Saturday, March 05, 2005

Sharon Begley: How Mirror Neurons Help Us to Empathize, Really Feel Others' Pain


Thanks to Rob Carlson for
bringing it my attention.

From the Wall Street Journal --
http://online.wsj.com/article/0,,SB110989327130070064,00.html?mod=todays_us_marketplace

SCIENCE JOURNAL
How Mirror Neurons Help Us to Empathize,
Really Feel Others' Pain
by Sharon Begley

As the argument at the bar grows more heated, you notice that
you're right in the flight path should the ranting man decide
to turn glassware into missiles. You watch tensely as he
clasps and unclasps the tumbler in front of him, and then
suddenly his grip changes. Is he about to take a gulp ... or
fire the glass in your direction?

If you duck just as it sails over your head, you can thank a
cluster of neurons whose existence scientists didn't even know
about a few years ago: mirror neurons.

Their modest name reflects their most obvious function but
hardly does justice to their talents, which neuroscientists
seem to uncover more of every time they look -- from intuiting
other people's intentions to feeling their pain. Literally.

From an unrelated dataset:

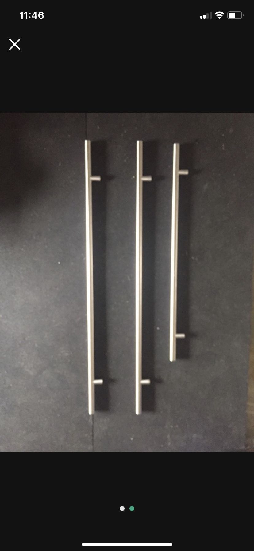 Brushed nickel refrigerator/appliance pulls. For French door refrigerator. Very sturdy. (2) 40” and (1) 31”.

"Mirror neurons promise to do for neuroscience what DNA did
for biology," neurobiologist V.S. Ramachandran of the
University of California, San Diego, has written, explaining
"a host of mental abilities that have remained mysterious."

In 1992, biologists at the University of Parma, Italy, were
probing the brains of macaque monkeys when they made a curious
discovery. It had been known for years that brain cells in the
premotor cortex, the area that plans movements, fire right
before the monkey grasps, manipulates or reaches for something
such as fruit. But it turns out that these specialized neurons
also fire when the monkey sees someone else (monkey or human)
do so. Whether planning a movement or seeing one, mirror
neurons fire the same way: The firing pattern that precedes,
say, the monkey's lifting a raisin to its mouth is identical
to the pattern when it sees someone else doing that.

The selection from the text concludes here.